The Apple II is an 8-bit wonder and was Apple Computer’s first success. It was also arguably the first big hit of the personal computer revolution. Steve Wozniak famously hand-built the original Apple computer kit in 1976, then he and Steve Jobs became tech darlings after the introduction of the Apple II. Part of the “1977 Trinity” when introduced that year, the Apple II significantly outlived its contemporaries: the Commodore PET and TRS-80. Until discontinued in 1993, the Apple II line defined home computing.
The Apple IIc was the fourth member of the Apple II line, introduced in 1984, a few months after the Macintosh. It was created during a tumultuous period in Apple’s history. The business-focused Apple III had flopped, as had the technically-sophisticated but troubled Apple Lisa. The Macintosh was the latest attempt to develop a hit on par with the Apple II.

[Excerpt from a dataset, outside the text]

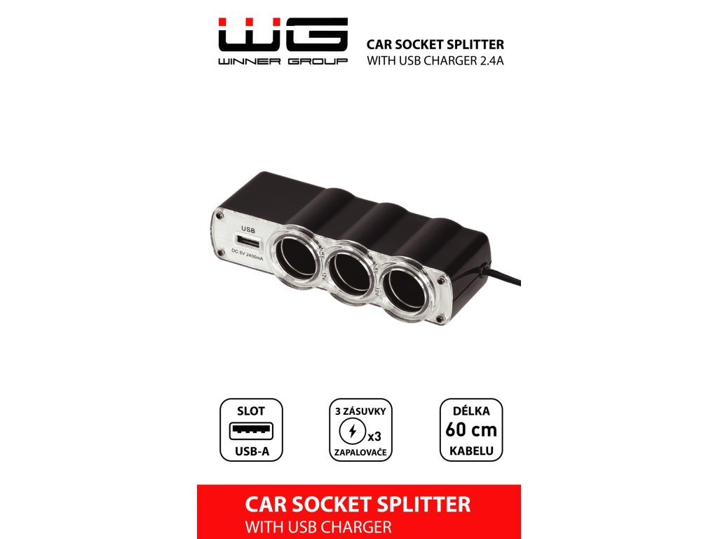 WG - Nabíječka do auta, rozbočovač, 3x zásuvka zapalovače 12V + 1x USB-A, s prodloužením
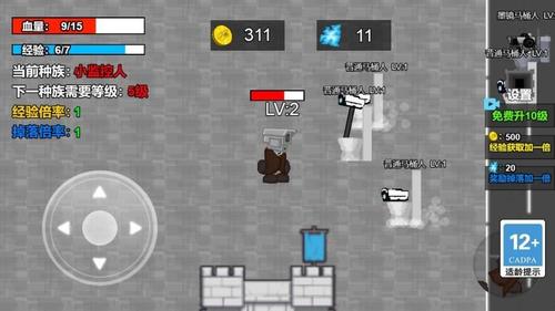 马桶人模拟战是融合进化、战斗与升级元素的休闲冒险游戏,玩家操控监控人在战场中对抗马桶人,通过击败敌人获取经验,提升等级并进化为更高级种族,解锁强力技能与装备,体验爽快战斗与成长乐趣。

In the early ’80s, Apple began to think about a portable Apple II. After seeing the advances of Toshiba and others, engineers began experimenting with a “book-sized” computer with a built-in disk drive. Once Steve Jobs was involved, he focused this compact Apple II (thus the “c”) on new computer users. Unlike other Apple II designs, the case would be closed and the most popular adds-on already installed. While the IIc could not be squeezed into a book-sized footprint, the case was sized to fit within a briefcase.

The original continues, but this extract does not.